After leaving Meow Wolf and reacclimating with planet Earth, we had a lovely team dinner at Linger. Despite some of the more organic displays at Meow Wolf, we still had plenty of appetite and put down practically their entire menu.
We finished the evening off with Little Man Ice Cream. To our collective surprise, the Salty Oreo flavor was actually quite salty.
We kicked off our first day of programming with something we hadn’t done in a while: by celebrating our collective successes over the past 6 months as a team. It has been a difficult time in SaaS lately; especially in the world of Customer Success, where we are on the frontlines with clients as they go through their own organizational changes and challenges. Clear and constant articulation of ROI has never been more critical.
We’ve really been grinding as a team to continue to deliver strong outcomes for our customers, and it was reinvigorating to congratulate each other on exciting renewals, expansions, and implementations.
Another force that has materially impacted our CS approach over the past 6 months is the emergence of AI, speech and text analytics, and the general desire from our customers to do more with less.
Our product and engineering teams have equipped us with incredible new tools to tackle these challenges for customers. As CSMs and Implementation Managers, we’ve been hyperfocused on solving these problems within our own books of business.
This dedicated in-person time gave us the opportunity to break out into small groups to discuss the specific use cases and solutions we’ve delivered across our customers. We then came back together to summarize our learnings so we can approach customer conversations with greater clarity and industry-proven recommendations.
Within 24 hours of leaving the offsite, one of my colleagues, George, already took her learnings from the group session, shared them with a customer, and was able to secure buy-in to pilot our new product offerings. Not bad Time to Value.
We had originally planned to spend our second afternoon white water rafting, but unfortunately the water levels were too low to do so safely. We made a quick last-minute pivot to attend a concert at world-renowned Red Rocks to see Japanese Breakfast Club, Phoenix, and Beck - a pretty good option B if you ask me.
The concert didn’t get off to the hottest start as there was a 30 minute rain delay, but it did afford us the opportunity to eat our Hot Dog Dinners in the Visitors Center. Additionally, the rain created a spectacular double rainbow that provided an otherworldly backdrop.
Once we were cleared to enter the amphitheater, we proceeded to rock out, dance, and generally have a great time together for the next few hours. Each musical act was great, and I was particularly stoked to hear Phoenix’s 1901 AKA the most iconic FIFA song of all time.
We spent our final half day together walking through specific customer discovery calls pertinent to our new AI / speech and text analytics offerings. We broke into our smaller teams again to build business cases for each customer to pilot our new products.
As we came together to present our solutions across customers, we had great discussions on the key value drivers of our new products, the right sequencing of next steps to kick off a pilot, and how to set clear and effective success criteria.

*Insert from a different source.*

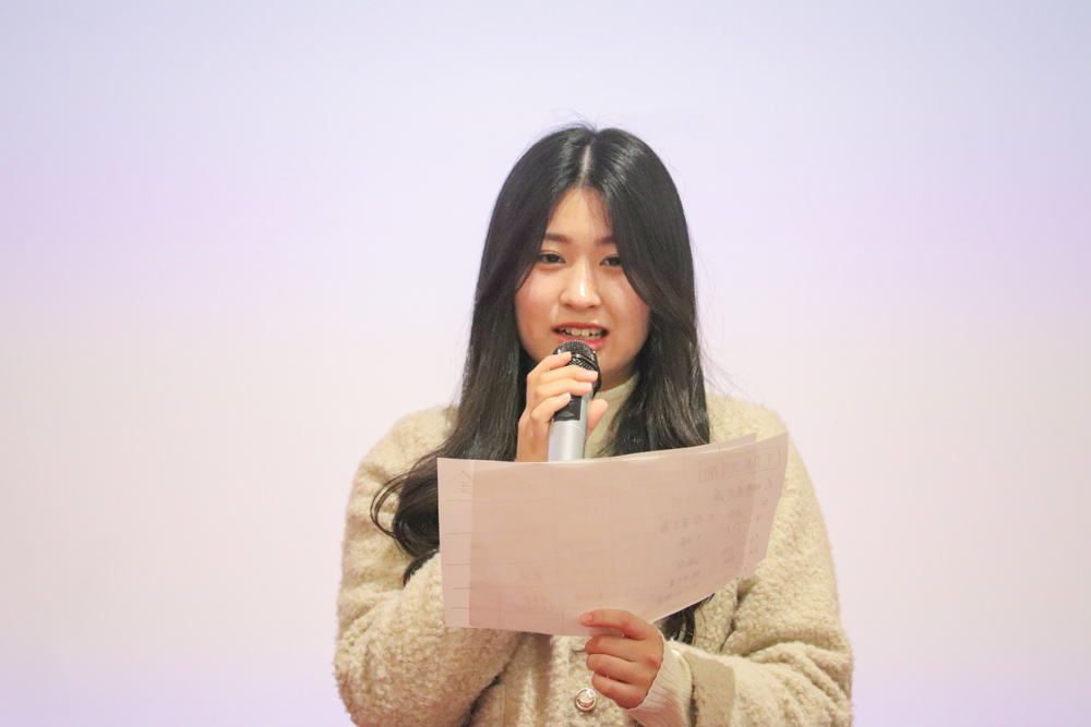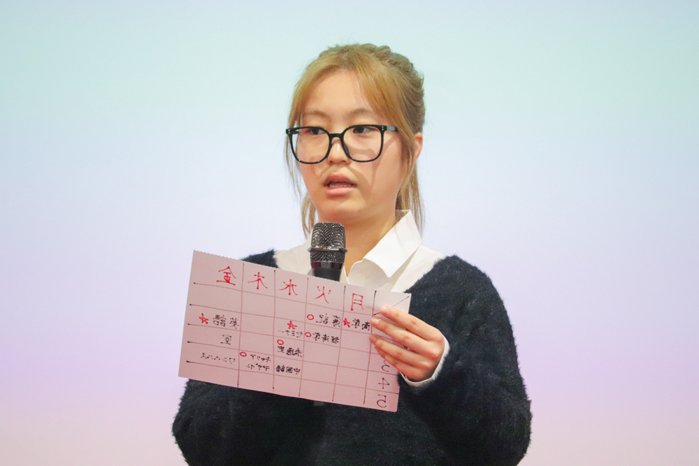その後、在学生の菅原京子さん(経済学科1年)と坂木杏珠さん(商学科1年)が登壇し、1週間の時間割をもとに自身のキャンパスライフについて紹介しました。

I threw “No Rainbows without Rain” in the title of this blog not only as an ode to our experience at Red Rocks, but also because I feel it defines the current optimism I feel about MaestroQA, our relationship with our customers, and our Customer Success team especially.
I always leave offsites, all-company or team, energized based on conversations with my peers, but this one felt different, I think notably because of how hard we’ve worked over the past 6 months to meet the shifting demands of our customers and the market.
Working with a few of my peers in New York consistently has given me the sense that we’re on the precipice of big things, but getting together with my entire team in Denver gave me the confidence that we have the product, strategy, and most importantly, the people to really crush it going forward.